The 6 Keys to a Successful Escrow Agreement
- Are your deposit contents complete, and update process and frequency defined? – If the deposit materials don’t include everything, you won’t be able to recreate your software application even with a release of the source code. Over 70% of all deposits sent in to Iron Mountain for analysis were determined to be incomplete and required additional input from the developer in order to be compiled. This could be a serious issue if your developer is uncooperative or no longer around. Also, make sure a specific deposit frequency is agreed to – whether it is monthly, quarterly or annually – you want to make sure the escrow materials include all of the latest updates.
- Have you chosen a verification plan? – A thorough verification of the materials provides assurance that, in the event of a deposit release, the licensee would be able to read, recreate and maintain the developer’s technology in-house – in essence, “step into the shoes” of their vendor. At Iron Mountain, we offer four levels of verification to our customers, depending on the criticality of the licensed technology and the business risks of the developer.
- What are your release conditions? Have you covered all the contingencies? – When many people think of escrow release conditions they immediately think of bankruptcy. “What would I do if my software vendor went under?” But, in reality, bankruptcy and insolvency only accounts for 20% of the releases we see. Loss of support is #1 with 30%, followed by ceasing business operations (without actually filing for bankruptcy) at 22%. Be specific and cover all possible circumstances.
- Are your release mechanisms, objection period & contrary instructions clearly stated? – This is where we get to the finer points of escrow agreements. There is a standard release process that includes an objection period, and there is also a demand release process which requires the escrow agent to deliver the source code unconditionally to the licensee, without an objection period, and if the developer contests the dispute is resolved after the release. Figure out which one you need and make sure you are covered.
- What are the rights to use following a release? – As a licensee, make sure you have the right to modify and otherwise maintain the technology upon release.
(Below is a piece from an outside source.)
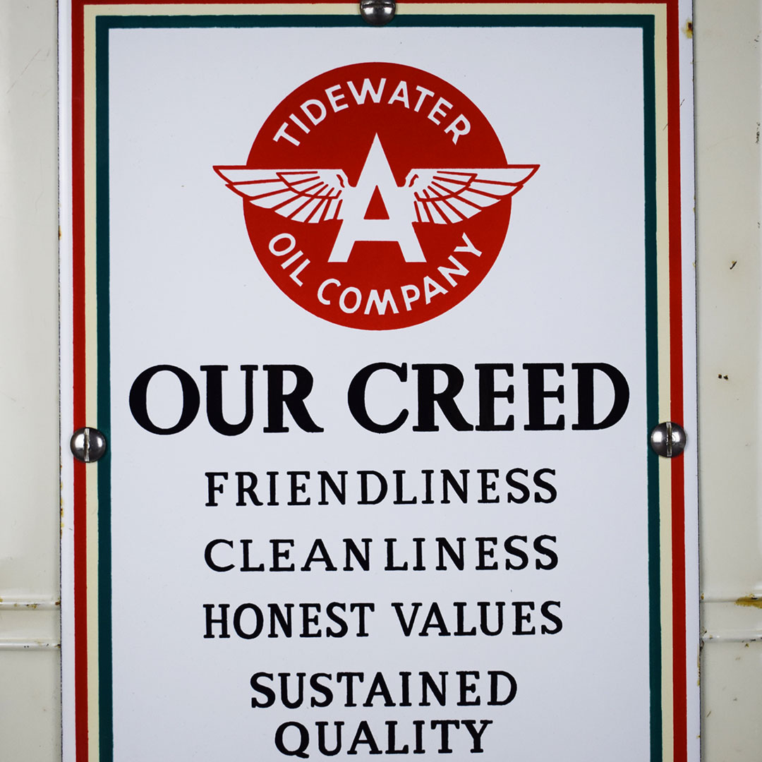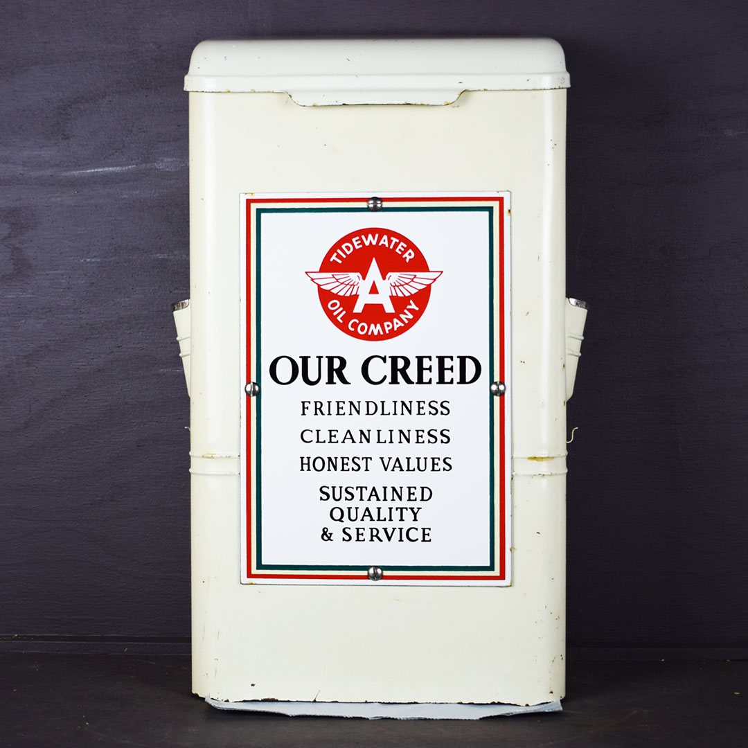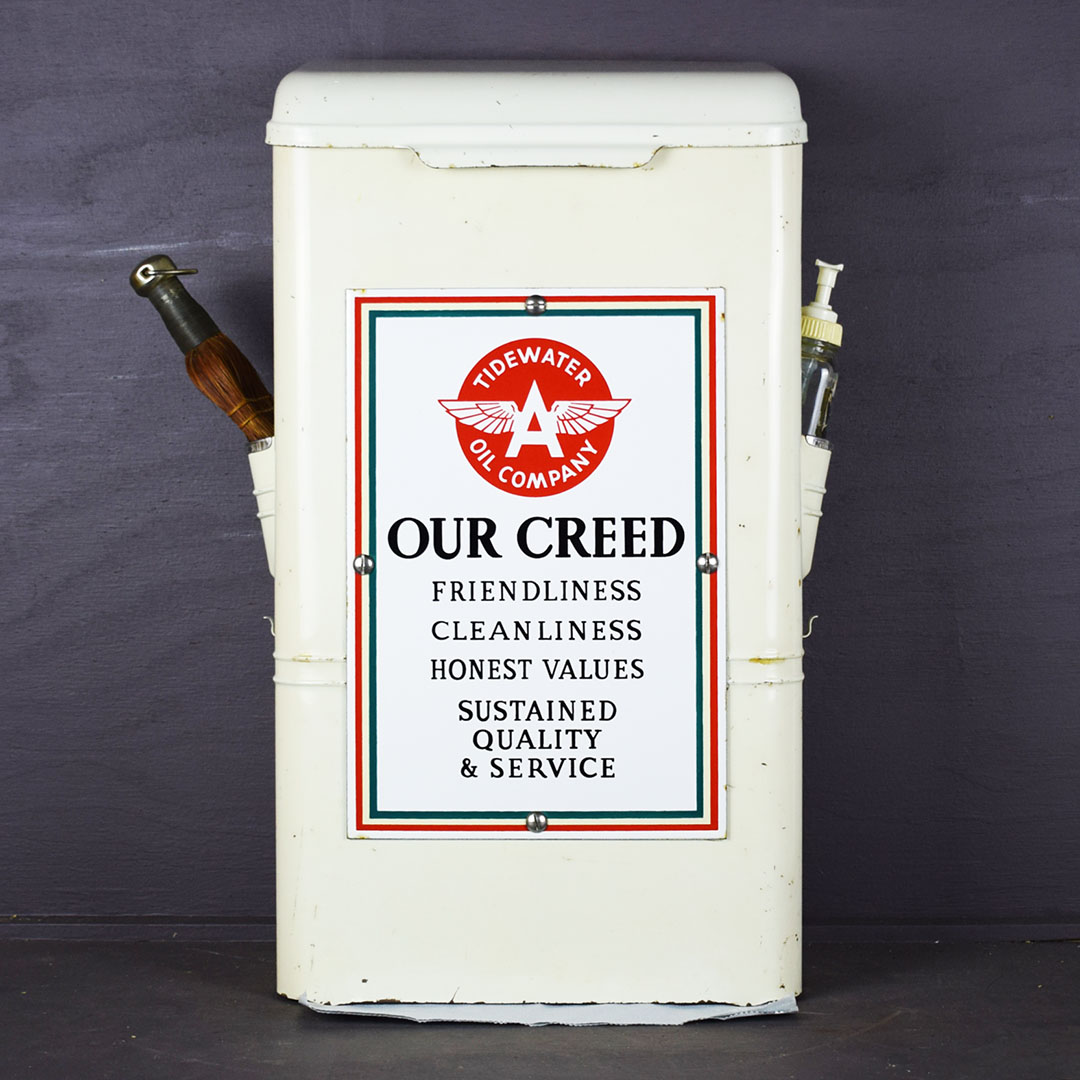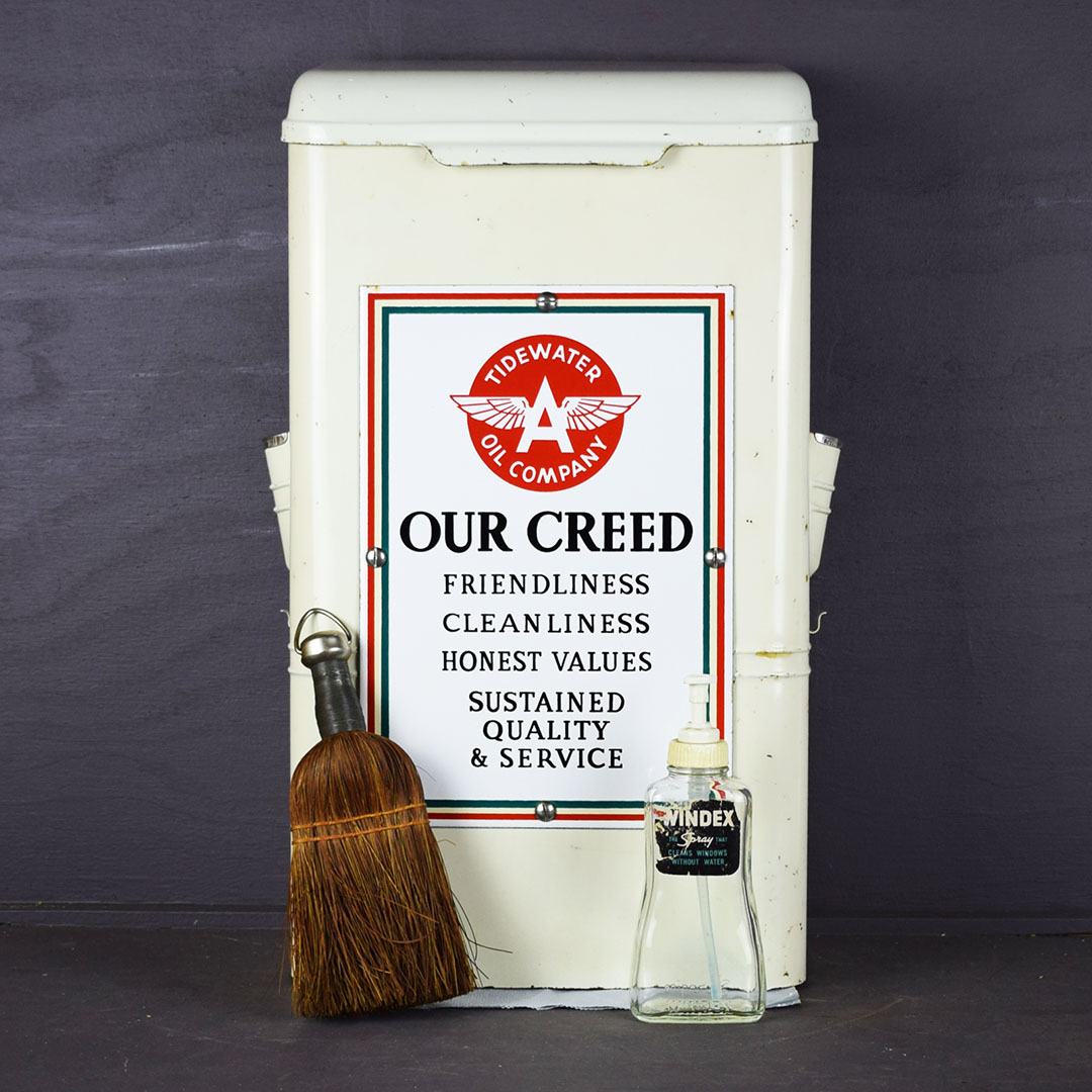 Add Windex to the glass spray jar, and you are ready to start your service station! You need a few more things, but this towel dispenser cabinet will look right at home in your gas and oil collection. The metal cabinet is ready to work with a towel dispenser at the bottom, bottle holders on each side, a small hook for a whisk broom to hang, and a flip top to store extra boxes of paper towels. The front of this cabinet features a Flying A Tidewater Oil Company porcelain sign, which displays the company’s creed. The colors and gloss of the sign are sharp, with a few chips around the outer edge. The sign rates a 9 on a ten-point scale. The metal towel case is in excellent condition with original paint and chrome trim around the bottle holders. Some chips on the finish in various places show great patina on this 20-inch tall by 12-inch wide by 6-inch deep cabinet. 21244-QTPP

This should be included in both the license agreement and the escrow agreement. Other rights you may want to specify include the right to use source code (not just object code), the right to make a backup copy, and the right to move the software to another location or computer.
- Have payment of fees and dispute resolution been negotiated? – Either party can pay for escrow, but as a licensee, you may want to pick up the check, rather than letting the developer pay. The party who pays the fees generally has more control over the terms, and most licensees want to develop the best agreement for their situation rather than just sign onto the developer’s agreement as a beneficiary.
And a final tip: Always negotiate and sign the escrow agreement together with the license agreement … and before you write the check!